I have been going back and forth, trying to decide if I should share an online dating jewel with y’all. After a little discussion with some friends and family, I realize it’s toofuckinggood not to share.
Yesterday I received this email, by way of nameless dating service, from a 59 year old man:
“Have you ever considered going out with an older man?”
He also included a link to a personal website (which I am not posting to protect the innocent guilty save my own ass).

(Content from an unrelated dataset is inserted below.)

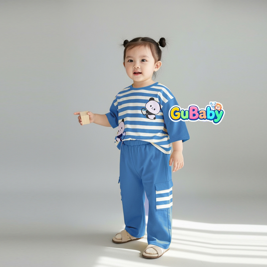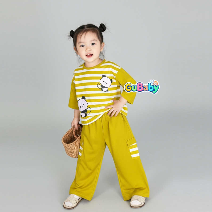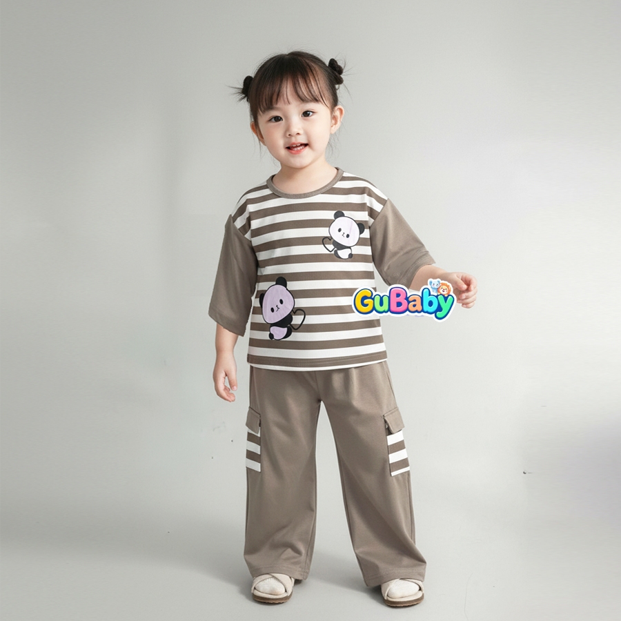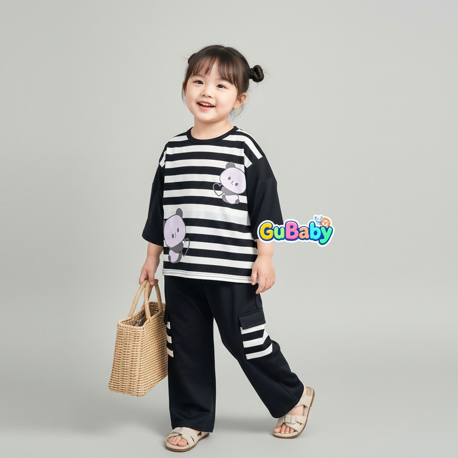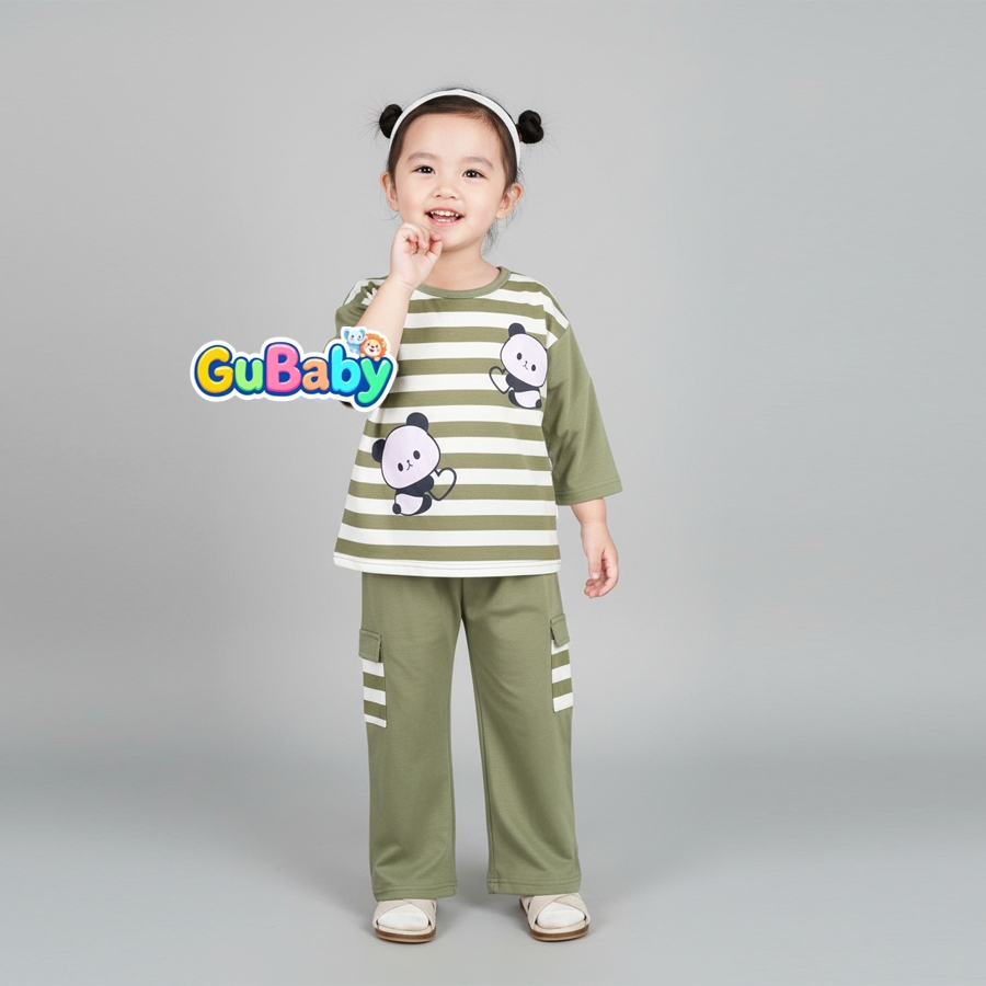 Setelan Anak Baby Perempuan Baju Panda Salur Celana Kargo Gubaby

On this oh-so-lovely webpage, there was a picture of the gentleman (Exhibit A) and A LOT of poetry. I immediately thought of Nick Nolte’s mugshot (Exhibit B). Though I think Stefanie deserves an award for recognizing similarities with The Dude (Big Lebowski, Exhibit C). Don’t believe me? See for yourself.
Exhibit B
Rather than post a gajillion pieces of poetry, I will share two of my favorite snippets.
she was deeply cut
bled out
it took a long time to heal
pity
WOW. Cut deeply? Bled out? Bring on the skin suit! Let us get to a remote location ASAP.
I would bring you gifts of flowers
to make a garland for your hair
I suppose that would be preferable to boyfriends who forget my birthday or “don’t believe” in Valentine’s Day.
What is the best part about his webpage, you ask? Embedded Celtic music!
I sent this all of this to my sister, who frantically called to ask what on earth was going on. I explained he’s an older man who contacted me on namelessdatingwebsite. Then I said maybe I should consider responding and meeting up with him. He’s the same age as our parents, so that would (obviously) be great; they would have so much in common! Plus, there’s the sweet music and gentle poetry. When I told her that I thought his ears would smell fantastic and I couldn’t wait to have like 100 of his babies, my sister drew the line: “Don’t you EVER say that again. It’s so gross you just made my uterus throw up.”